How early you wish to retire will impact the sort of daily schedule you will have after retirement. Choosing the right plan for your requirements and financial objectives is a tough but important decision, but it will help you live a better life once you retire. As you become older, choose the best solution to fit your financial needs. All you have to do now is choose the finest retirement plan for you out of the various options available. To find out more info on the right time to invest in a pension plan, read on.

When Should A Person Start Investmenting In Pension Plans?

An individual should start investing in pension plans as soon as they get a job. Only if you start preparing early on will you be able to build a corpus that is suitable for protecting you when you are no longer employed. This is why, from the first day of employment, most firms require people to save 12 percent of their basic pay. If your company or institution already has a pension plan in place, great; otherwise, a savings plan that deducts 12% of your regular salary and provides the same benefits when you retire is excellent.

Benefits Of Starting Investments In A Pension Plan Early

Following are some of the listed benefits of starting investments in a pension plan early -

1. Tax Benefits Of Pension Plans

One of the most significant advantages of an early pension plan is the tax benefits. You may save money on taxes by investing your earnings in implausible plans. Pension schemes also allow you to diversify your tax payments.

2. Safeguard Your Assets And Have A Secure Future

You don't need to sell your possessions to increase your pension amount. You don't have to rely on your possessions if you invest in a pension plan. As a result, early pension schemes can assist you in securing your financial future.

3. Better Returns On Savings

Keeping your money in the bank has limited advantages. Investment alternatives might help you increase your profits by providing higher returns. Investing in retirement plans yields a larger return than saving in the bank.

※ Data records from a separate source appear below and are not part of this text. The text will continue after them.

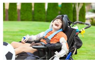
Support for SEND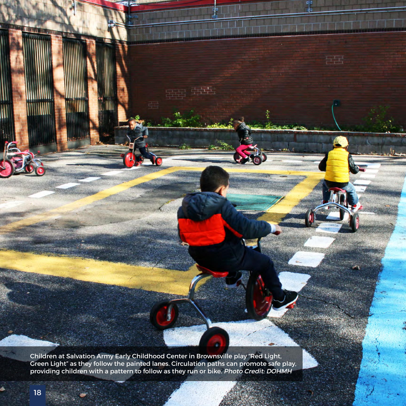
Children at Salvation Army Early Childhood Center in Brownsville play “Red Light, Green Light” as they follow the painted lanes. Circulation paths can promote safe play, providing children with a pattern to follow as they run or bike.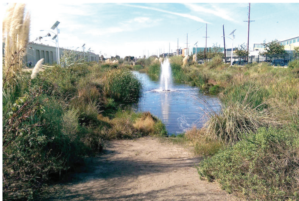
The South Los Angeles Wetland Park has earned the Envision platinum award.

4. Power Of Compounding For Pension Corpus

We all believe that by saving a portion of our salary, we can construct a sufficient pension fund. This technique, however, is inefficient since we did not account for inflation. Compounding is a powerful tool that may help you build a larger pension fund.

5. Unprecedented Emergencies

A pension plan might assist you in dealing with unanticipated medical issues. If you have a pension plan, you can use cash when you need it. Keep in mind that as you become older, your medical costs will inevitably rise.

6. Support Your Dependants

You can support your dependant if you have a solid strategy in place. Retirement plans provide financial stability to your dependants by acting as a financial buffer. With careful financial preparation, you may be assured that you will not lose income once you retire.

7. Start Early For Maximum Benefits

To get the most out of your retirement plan, you'll need to start early. Beginning to invest in your early 20s is the greatest option for any early retirement strategy. You will be able to extend your tenure and pay cheaper premiums as a result of this.


You may make up for any loss by bridging the gap if you start in your late 20s or early 30s. Determine your retirement age and needs, then begin saving for retirement.

Also read - 5 Investment Options For Retired

Pradhan Mantri Kisan Maandhan Yojana - Know The Basics

Disclaimer: This article is issued in the general public interest and meant for general information purposes only. Readers are advised not to rely on the contents of the article as conclusive in nature and should research further or consult an expert in this regard.